Developing a safe, secure system: SEI CERT C versus MISRA C:2012 AMD1
February 12, 2018
Product
For C and C++ developers, around 80 percent of software defects are caused by the incorrect use of about 20 percent of the available language constructs.
The development cycle for traditional security markets is a largely reactive one, where coding is developed mostly on an informal agile basis, with no risk mitigation and no coding guidelines. The resulting executables are then subjected to performance, penetration, load, and functional tests to attempt to find the vulnerabilities that almost certainly result. The hope, rather than the expectation, is that all issues will be found and the holes adequately plugged.

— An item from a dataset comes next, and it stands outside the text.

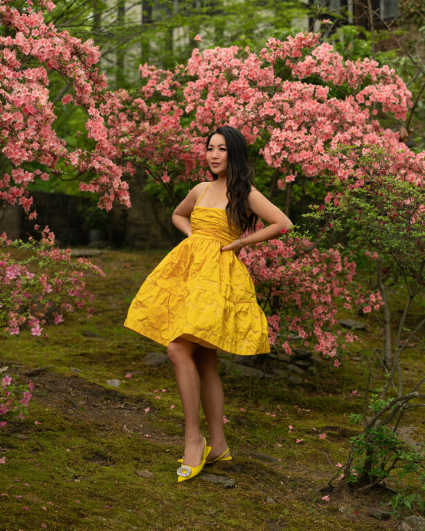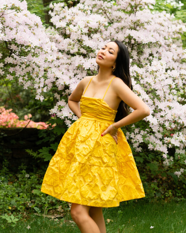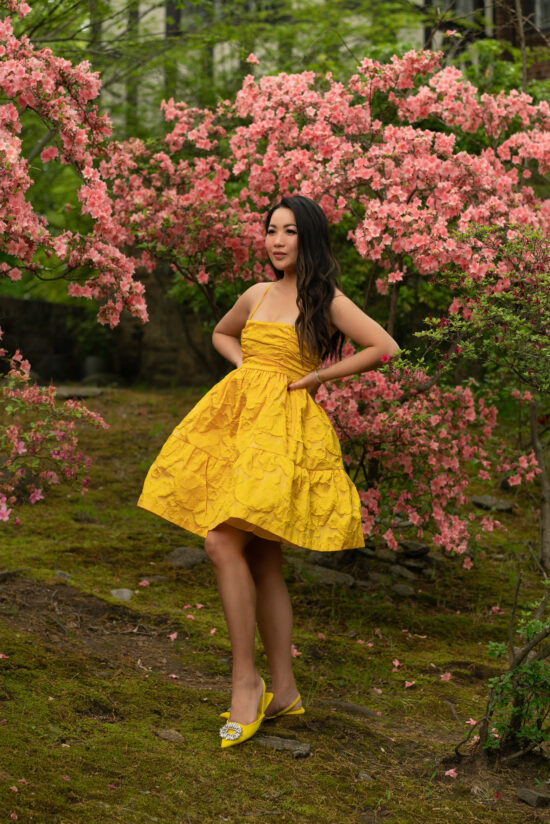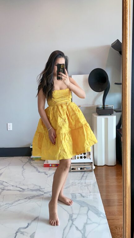 Let’s start with this Sezane Charlie dress.  It’s stunning!  The shape is sculptural and flattering, the color is vibrant while the texture is subtle and thoughtful.  It comes with adjustable straps so making the neckline and gathered chest band (basically the top portion of the dress) fit and adjusted correctly is not a problem.  I’m 5 ft 110 pounds and wearing a size 2 – the dress hits 2 to 3 inches above my knees.  No need for tailoring or alterations with this piece.  Also comes in a beautiful ivory and navy color.

In contrast, accepted practice in safety-critical industries such as aerospace, automotive, rail, and medical is to apply a formalized software development process. The use of coding standards (or “language subsets”) is an integral part of that, because evidence suggests that for C and C++ developers around 80 percent of software defects are caused by the incorrect use of about 20 percent of the available language constructs. Restricting the use of these problematic parts of the languages reduces the number of associated defects and hence improves quality.
To address security concerns, many safety-critical software development organizations extend the safety-critical model and use coding standards such as MISRA or CERT to minimize vulnerabilities. It is therefore useful to compare how the principles of the “SEI CERT C Coding Standard[1]” and the “MISRA C:2012[2] Guidelines” with “MISRA C:2012 Amendment 1[3]” fit such a formal development process.
Retrospective adoption
One example of the difference in emphasis can be found with reference to retrospective adoption. MISRA C:2012 states that “MISRA C should be adopted from the outset of a project. If a project is building on existing code that has a proven track record then the benefits of compliance with MISRA C may be outweighed by the risks of introducing a defect when making the code compliant.” In other words, MISRA does not advocate retrospective adoption.
This contrasts in emphasis with the assertion in CERT C that although “the priority of this standard is to support new code development … A close-second priority is supporting remediation of old code.”
Certainly, the retrospective application of any subset is better than nothing, but it does not represent best practice – and is not something to be advocated where security AND safety are paramount.
Relevance to safety, high integrity, and high reliability systems
The standards also differ significantly in focus. MISRA C:2012 asserts that it can be “… used to develop any application with high integrity or high reliability requirements.” The implication is that MISRA C:2012 was always appropriate for safe and secure critical applications even before the security enhancements in Amendment 1.
CERT C attempts to be more all encompassing, covering application programming such as POSIX in addition to the C language itself. That is perhaps reflected in its suggestion that “safety-critical systems typically have stricter requirements than are imposed by this standard.”
Decidability
The primary purpose of a requirements-driven software development process as exemplified by ISO 26262 – a functional safety standard for automotive applications – is to control the development process as tightly as possible to minimize the possibility of error or inconsistency of any kind. Although that is theoretically possible by manual means, it will generally be far more effective if software tools are used to automate the process.
Static analysis tools require that the rules can be checked algorithmically. Compare, for example, the excerpts shown in Figure 1, both of which address the same issue. The approach taken by MISRA is to prevent the issue by disallowing the inclusion of the pertinent construct. CERT C instead asserts that the developer should “be aware” of it.
Of course, the CERT C approach is clearly more flexible; something of particular value if rules are applied retrospectively. MISRA C:2012 is more draconian, yet by avoiding the side effects altogether the resulting code will be checkable by a static analysis tool (and, incidentally, more portable). It cannot be possible for a tool to check whether a developer is “aware” of side effects, let alone whether “awareness” equates to “understanding.”
A question of priorities
The coding rules specified by such as CERT C and MISRA C:2012+AMD 1 are designed for use in secure software development, and the correct application of either will certainly result in more secure code than if neither were to be applied. However, MISRA’s stated aim to “… provide world-leading, best practice guidelines for the safe and secure application of both embedded control systems and standalone software” contrasts with CERT C’s wider remit. Perhaps that is why MISRA C:2012 lends itself better to highly critical applications, and why more of its rules are designed to be decidable by static analysis tools
Conversely, there is an argument for using the CERT C standard because it is more tolerant, perhaps if an application is not critical but is to be connected to the Internet for the first time. The retrospective application of CERT C may then be a pragmatic choice to make.
In truth, there is no right or wrong here. The chances are that no “off-the-shelf” coding standard will fit your organization and your processes perfectly, and a combination of rules from these and other standards could well be most appropriate for the task at hand. The best course of action might therefore be to consider static analysis tools that are capable of melding the best foundational rules from several sources.
References
- SEI CERT C Coding Standard https://wiki.sei.cmu.edu/confluence/display/c/SEI+CERT+C+Coding+Standard
- MISRA C:2012 Guidelines for the use of the C language in critical systems. March 2013.
- MISRA C:2012 - Amendment 1: Additional security guidelines for MISRA C:2012, ISBN 978-906400-16-3 (PDF), April 2016.